Records excerpted from a collection:

= = =

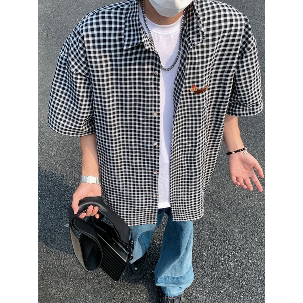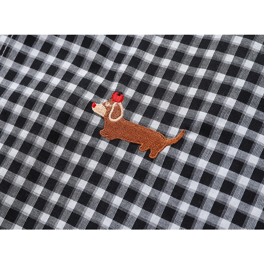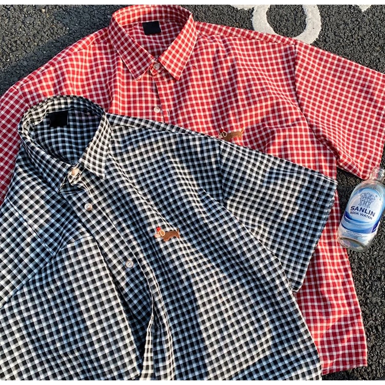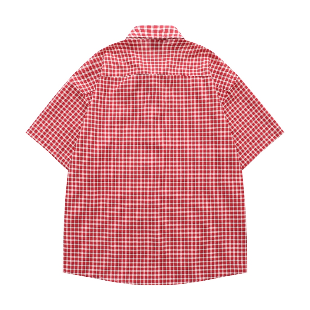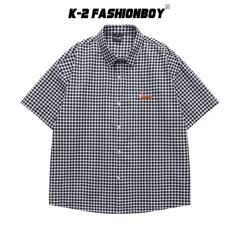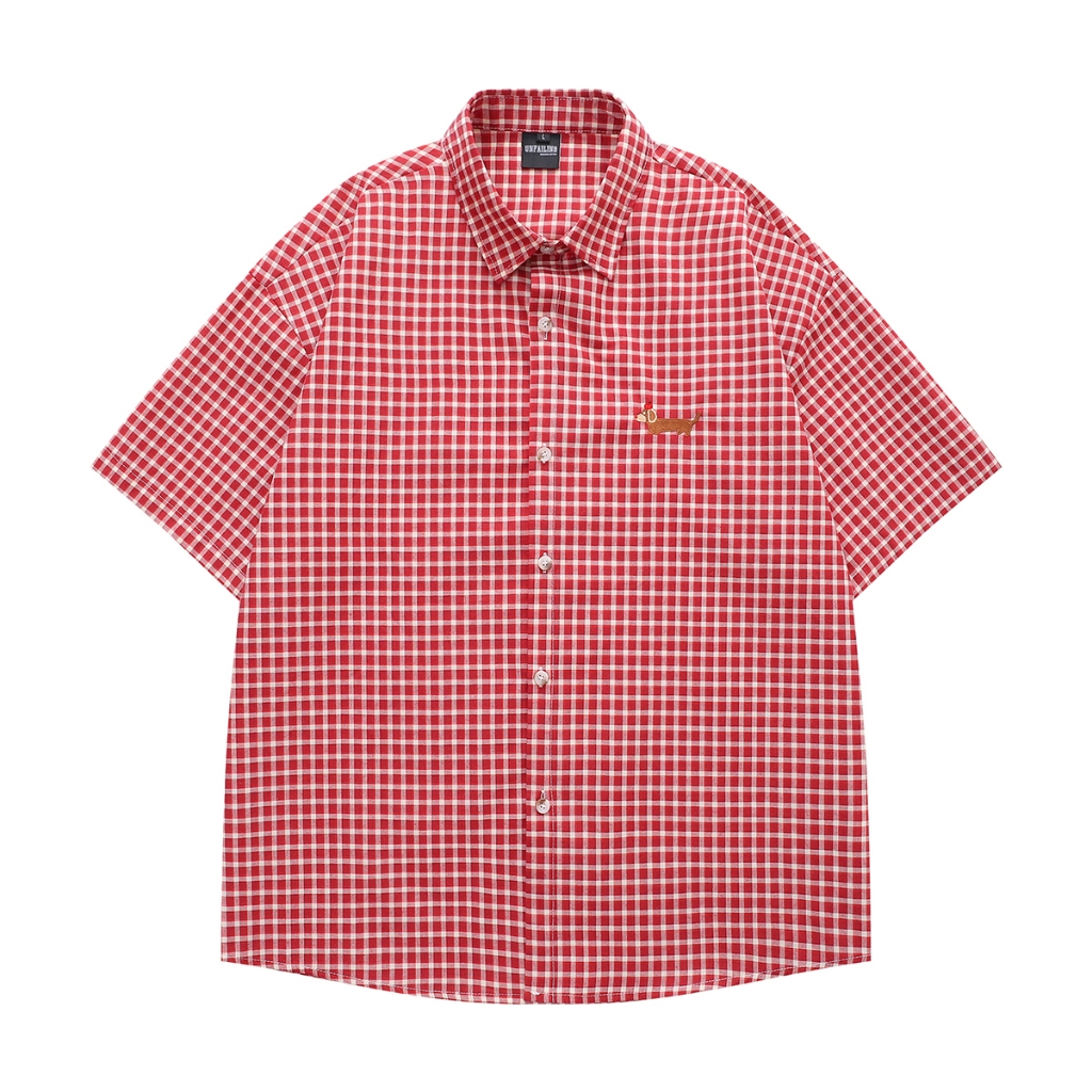 【K-2】臘腸狗刺繡小LOGO 復古小格子襯衫 短袖襯衫 格子襯衫 格紋 襯衫 復古 美式 Y2K K2【J5591】紅色,M|紅色,L|紅色,XL|黑色,M|黑色,L|黑色,XLShirtsK-2 Fashionboy
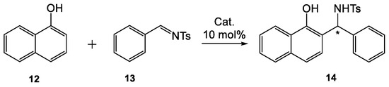 3.4. General Procedure for the Reaction of Ketimine (18) with 6-hydroxyquinoline (17) and Ketimine (18) with 1- and 2-naphthol (12 or 15) in the Presence of Catalyst 1–11
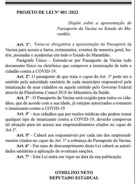 Um Projeto de Lei Nº 001/2022 propõe a adoção de um passaporte vacinal contra o covid-19 em todo o Estado do Maranhão.
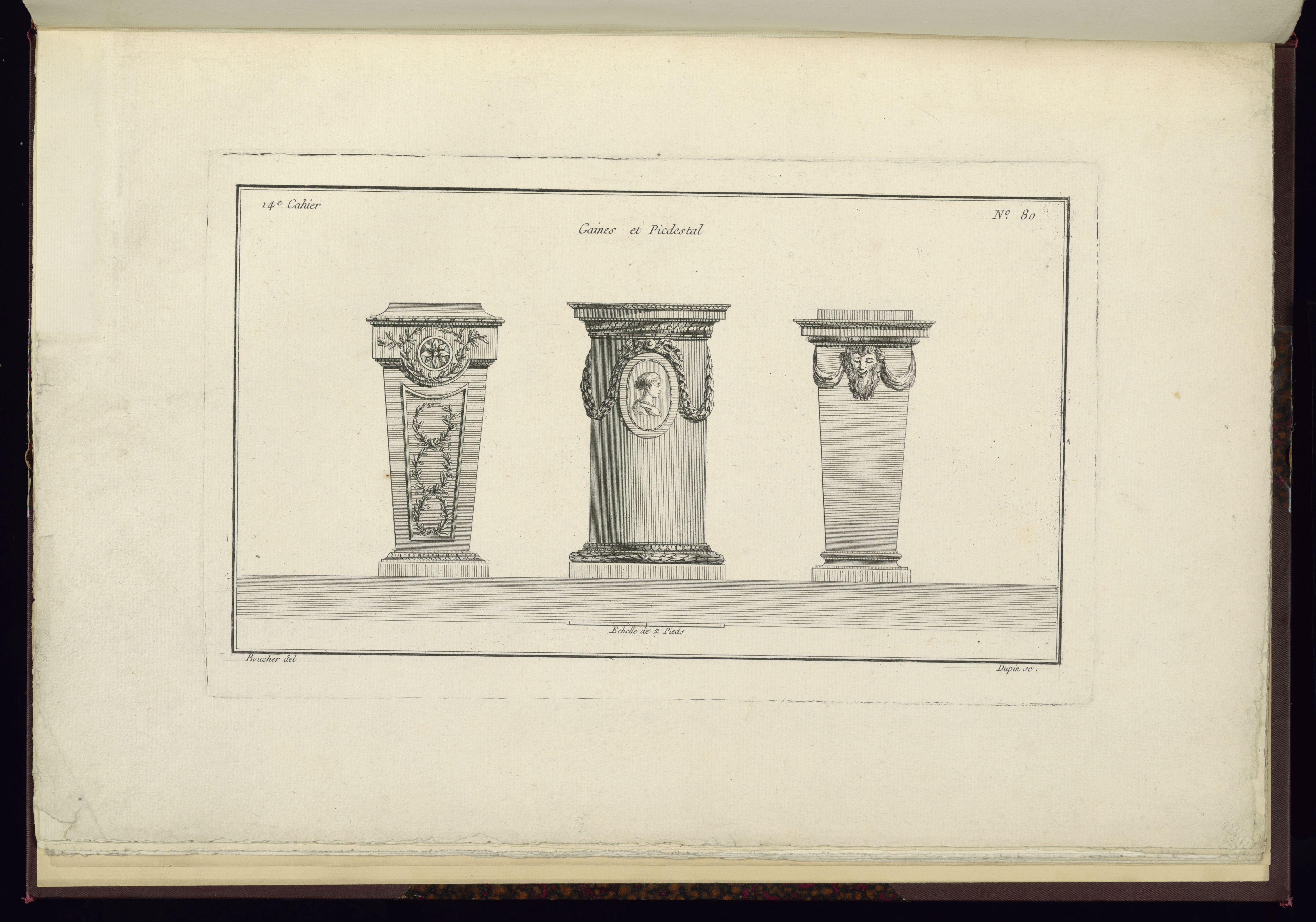 Print, Gaines et Piedestal; Designed by Jules-François Boucher le fils (French, 1736 – 1782); Print Maker: Nicolas Dupin (French, active 18th century); Published by Chez Le Pere et Avaulez, Charles Le Pere (French, active 18th century), Pierre-Michel Avaulez (French, active 1772 – d. 1774); France; engraving on off white laid paper; Purchased for the Museum by the Advisory Council; 1921-6-252-75
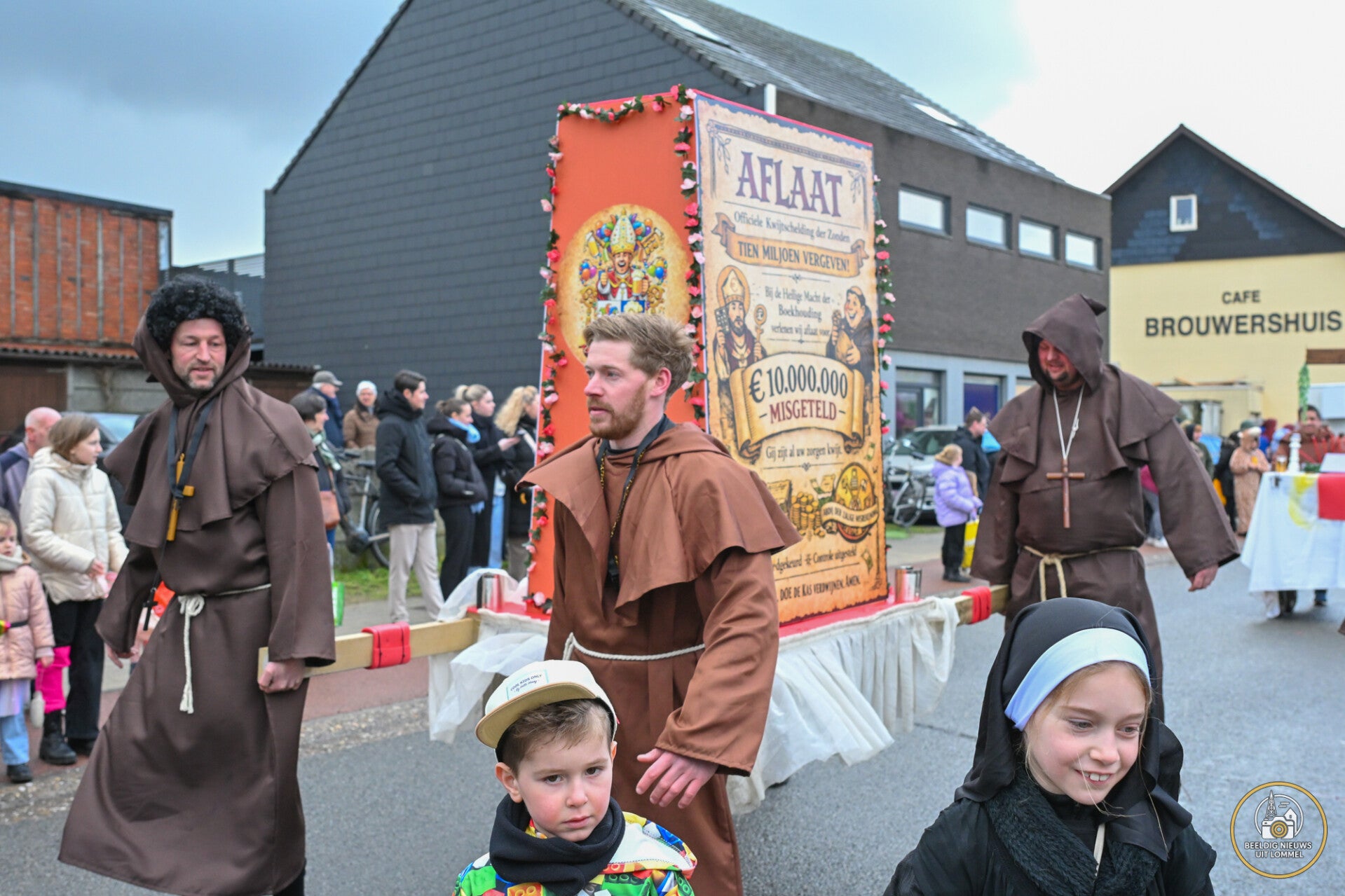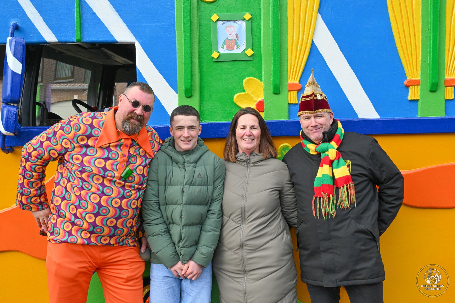 Carnavalsvereniging De Braspappies bracht ook dit jaar een ontroerend eerbetoon aan Bent, het broertje van Lars en zoontje van Tine en Peter, die overleden is. Omdat Bent gek was op carnaval, hangt zijn foto elk jaar op de wagen van KV De Braspappies (foto 3 onder). Zo kan hij elk jaar toch nog een beetje meevieren.

= = =

## TASK DETAILS
Begin with the first line of the records and repeat every line up to the one with "3.4. General Procedure", counting that line too. Pictures are not part of the copy.

## RESULT
 【K-2】臘腸狗刺繡小LOGO 復古小格子襯衫 短袖襯衫 格子襯衫 格紋 襯衫 復古 美式 Y2K K2【J5591】紅色,M|紅色,L|紅色,XL|黑色,M|黑色,L|黑色,XLShirtsK-2 Fashionboy
 3.4. General Procedure for the Reaction of Ketimine (18) with 6-hydroxyquinoline (17) and Ketimine (18) with 1- and 2-naphthol (12 or 15) in the Presence of Catalyst 1–11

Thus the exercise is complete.